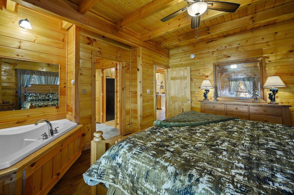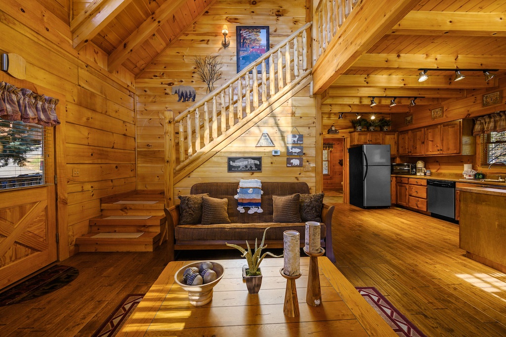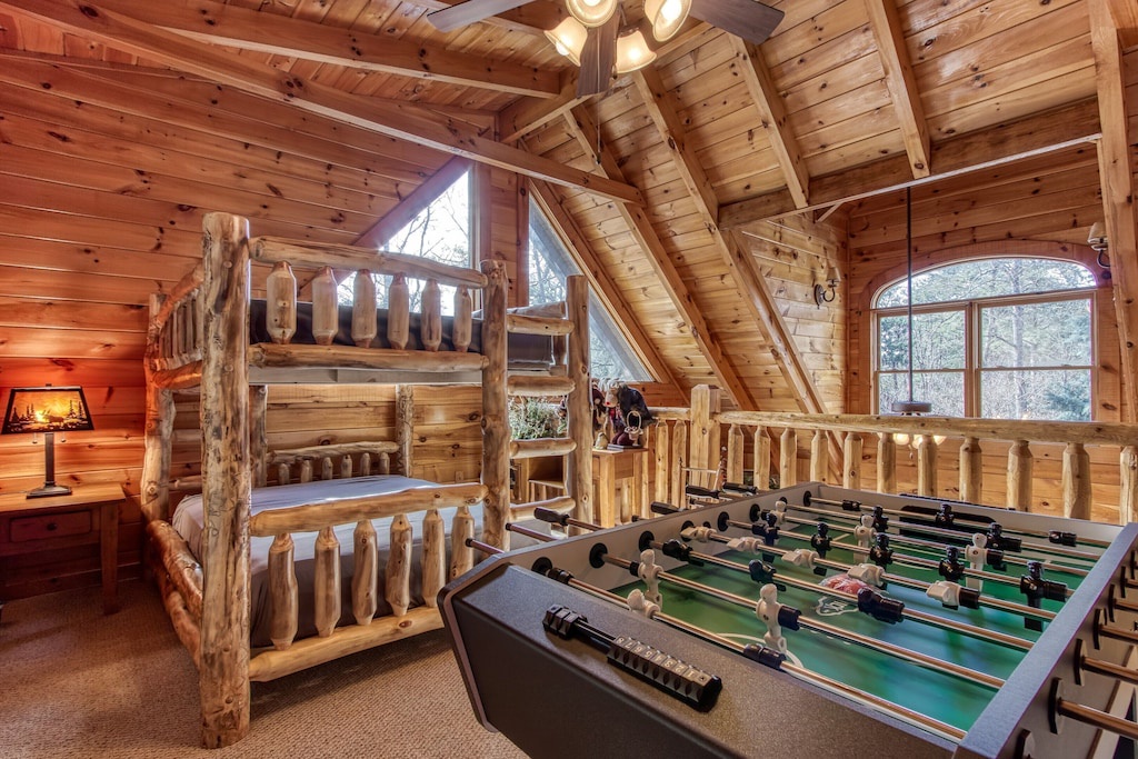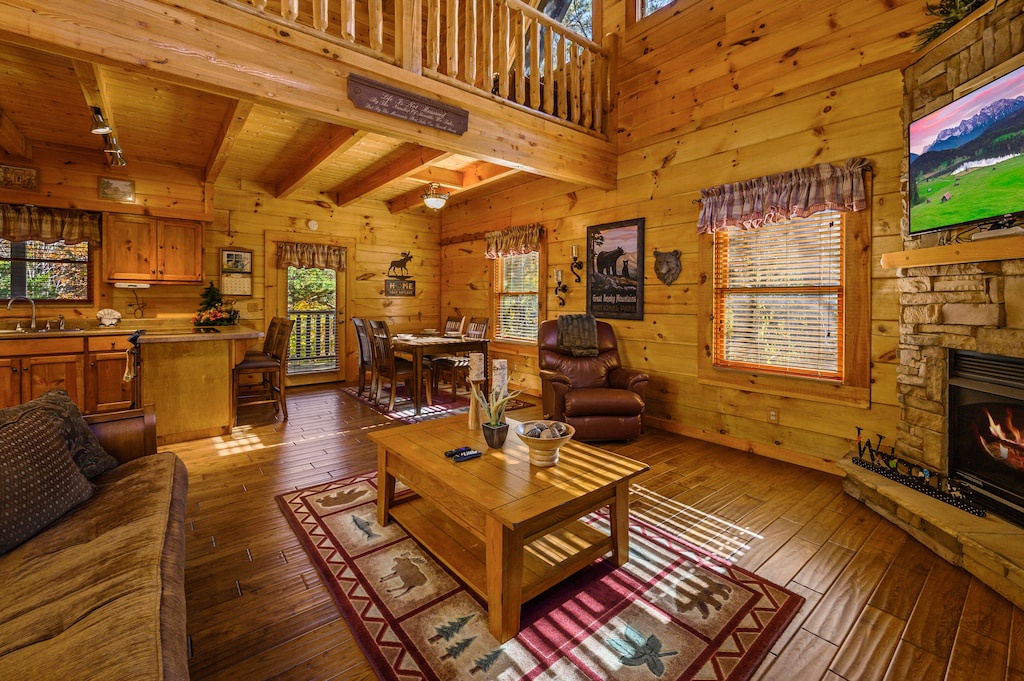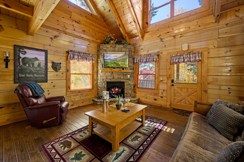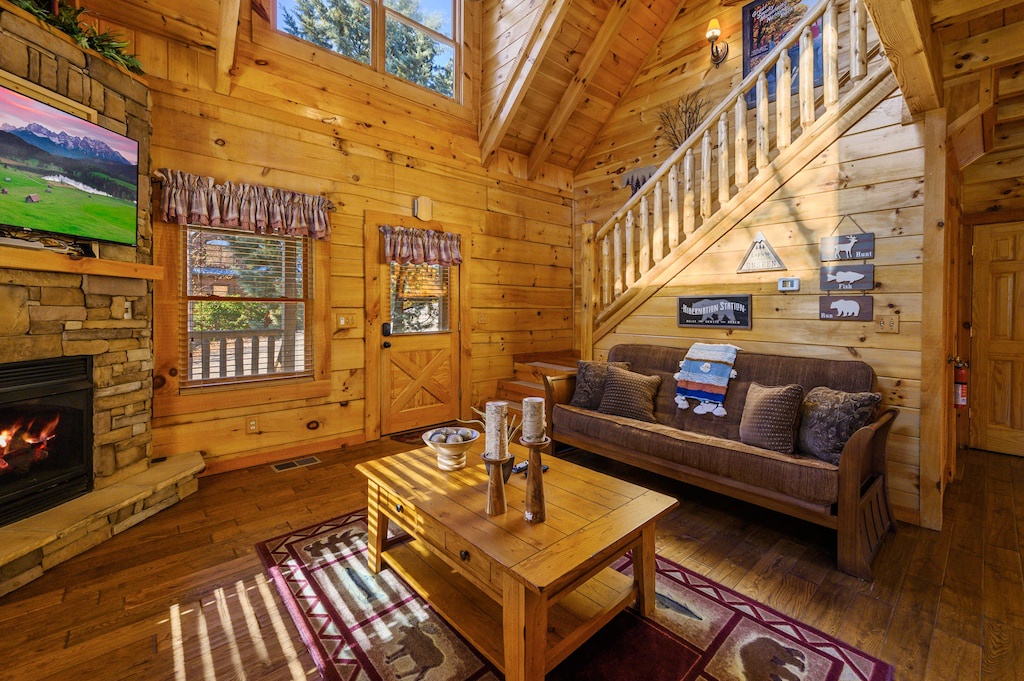 Fully furnished cabin, high ceilings and stone stacked fireplace, spacious second living area downstairs with comfortable couches and huge TV, loft game area with foosball ; arcade game, jacuzzi bath tub, free Wifi, spacious bedrooms and living spaces
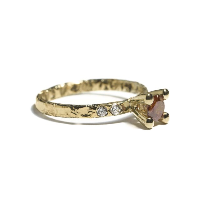 Ring met gesmolten bewerking en diamanten Wowie deze ring is mooi hoog gezet met een 0,36ct color ice diamond en in de band van de ring zitten 2 x 0,03ct witte diamantje gezellig samen. De ring heeft een gesmolten bewerking en door de color ice diamond, waarbij elke diamant uniek is door de kleur, is…
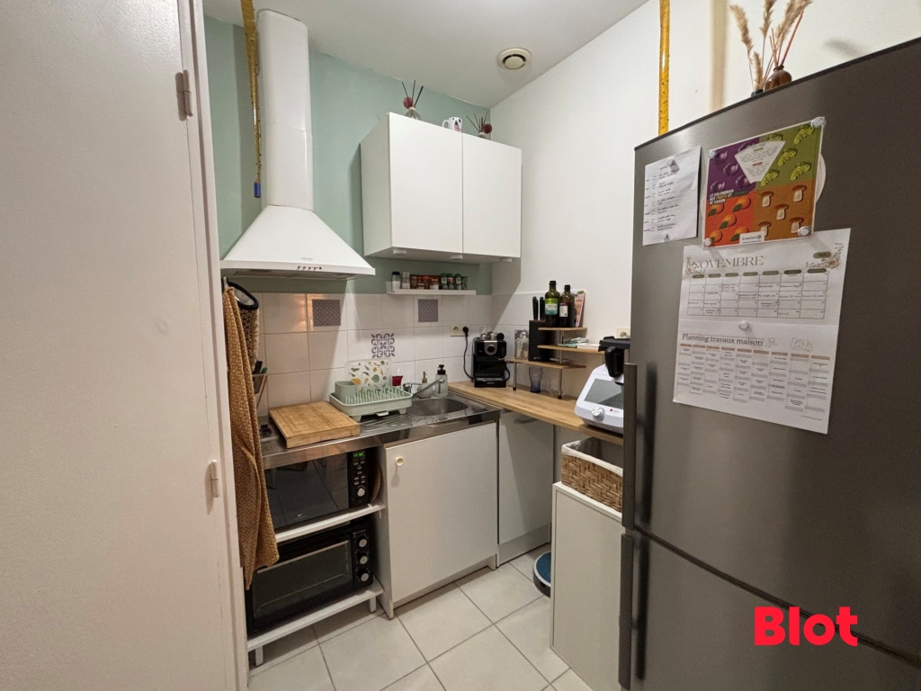 L'appartement comprend une cuisine aménagée et équipée de plaques à induction et d'une hotte, une salle d'eau avec wc.
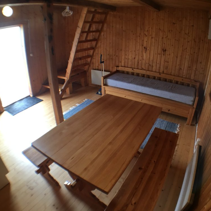 - Alakerrassa pirttipöytä ja vuodesohva.
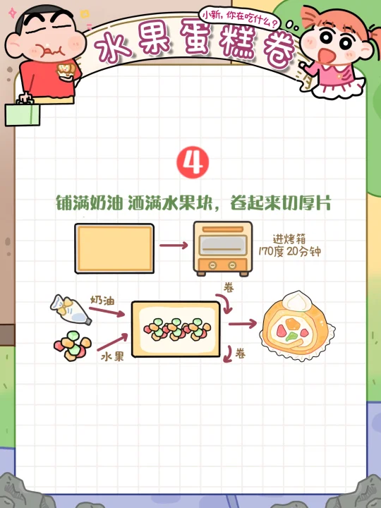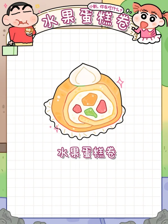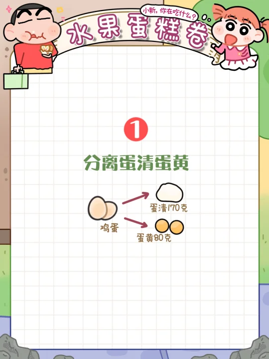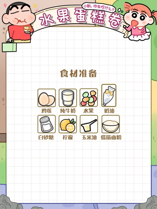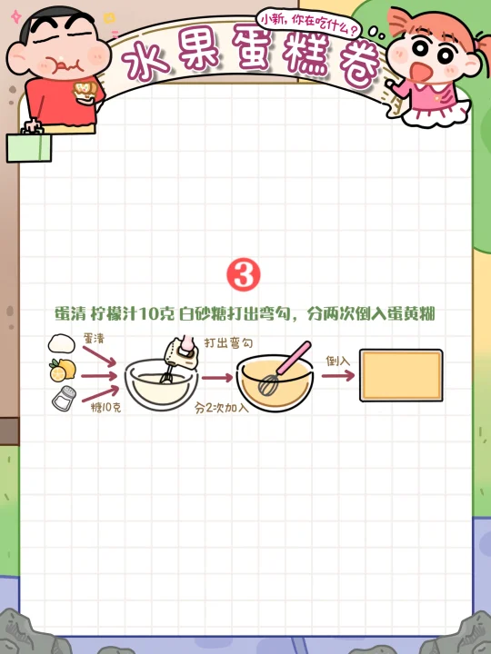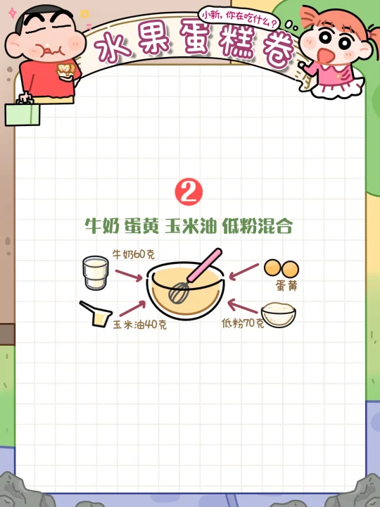 就是各种蛋液➕面粉➕牛奶🥛搅一搅就能完美复刻蜡笔小新同款水果浮云卷🖍️啦~

Your instructions -
Transcribe all the records above word for word, without their images.

Output for this exercise -
 Fully furnished cabin, high ceilings and stone stacked fireplace, spacious second living area downstairs with comfortable couches and huge TV, loft game area with foosball ; arcade game, jacuzzi bath tub, free Wifi, spacious bedrooms and living spaces
 Ring met gesmolten bewerking en diamanten Wowie deze ring is mooi hoog gezet met een 0,36ct color ice diamond en in de band van de ring zitten 2 x 0,03ct witte diamantje gezellig samen. De ring heeft een gesmolten bewerking en door de color ice diamond, waarbij elke diamant uniek is door de kleur, is…
 L'appartement comprend une cuisine aménagée et équipée de plaques à induction et d'une hotte, une salle d'eau avec wc.
 - Alakerrassa pirttipöytä ja vuodesohva.
 就是各种蛋液➕面粉➕牛奶🥛搅一搅就能完美复刻蜡笔小新同款水果浮云卷🖍️啦~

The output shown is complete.